The Lakeside City Alliance is looking into the feasibility of their forming a new city in DeKalb County. The Lakeside City Alliance is looking into the feasibility of their forming a new city in DeKalb County.
SANDY SPRINGS, Ga. -

It seems to be a bandwagon on which many communities are jumping. The turning of communities into cities is turning into a popular trend in metro Atlanta.

There are definite advantages to creating a new city. The police and fire departments can be more responsive not to mention local government can be more attentive to the needs of a smaller group, but there are also some kinks and risks.

Johns Creek, Dunwoody, Brookhaven and Sandy Springs are just a few of the cities created in the past several years. Sandy Springs Mayor Eva Galambos says the reason why her residents did it was because they wanted more local control. She said the movement stemmed from a disenfranchisement and a feeling that they had no voice and were being exploited.

Galambos said that lead to anger which built up until they final organized and created the city of Sandy Springs.

Local incorporation is experiencing popularity. In DeKalb County alone, Briarcliff, Tucker and Lavista Hills are all exploring the idea of becoming their own cities. So is a group called the Lakeside City Alliance.

Mary Kay Woodworth with the Alliance said they are exploring the option for an area that includes 20 square miles formed by Interstate 85, North Druid Hills Road and Stone Mountain Freeway. She said the two DeKalb County commissioner currently representing the area don't even live in the neighborhood.

Woodworth's concern is that the county can't make the critical decisions for the area if they don't intimately know the area.
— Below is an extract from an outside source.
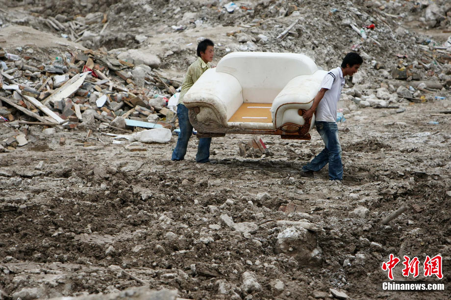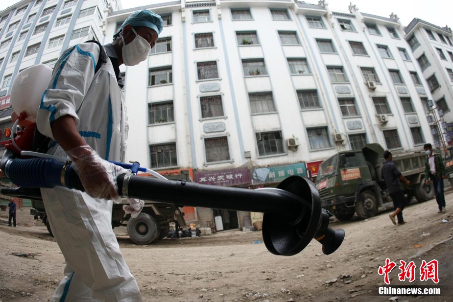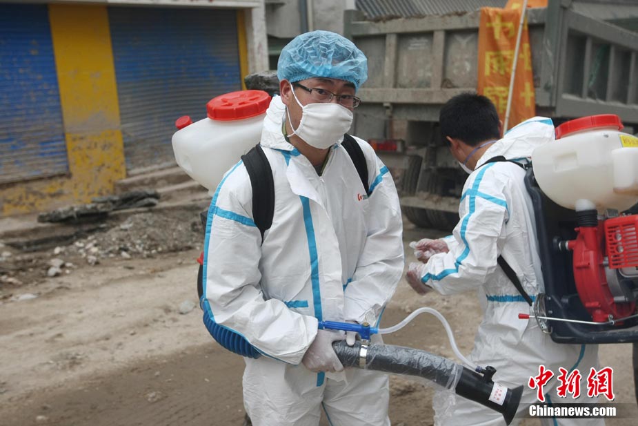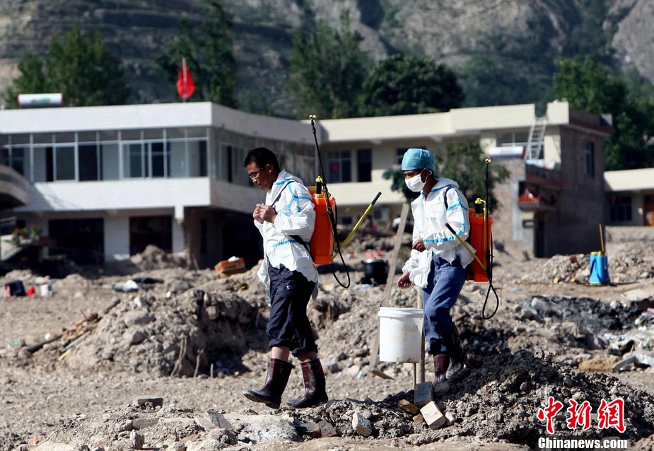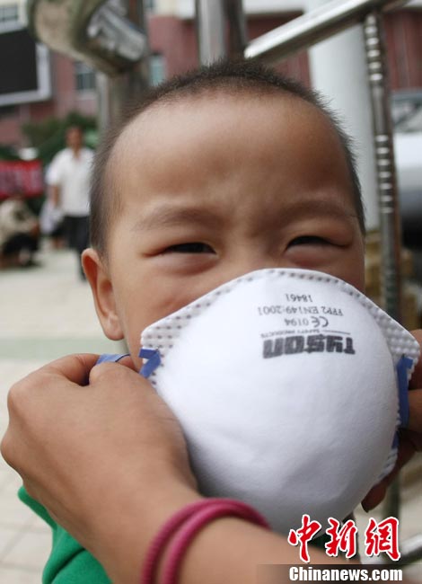 8月16日,甘肅舟曲泥石流災(zāi)區(qū),一歲大的女孩楊歡(左)、樂樂坐在臺階上,戴著大大口罩等待家人,楊歡的媽媽在這次特大泥石流災(zāi)害中不幸遇難。目前,舟曲災(zāi)區(qū)衛(wèi)生防疫工作在不斷加強,防疫人員每天至少對安置點進行1次全面消毒、殺蟲。對于食堂、垃圾場等重點部位每天至少消毒殺菌3次以上。 中新社發(fā) 杜洋 攝

The benefits are great, but Mary Galambos said communities must first make sure they can afford to be a city before setting out on the road to incorporation. She suggests staying with county utilities, as it is cheaper. She said it will also be a challenge to convince residents that taxes will increase.

The Lakeside City Alliance is waiting on the results of a feasibility student being conducted by the University of Georgia. The full report is expected to be release by the end of November.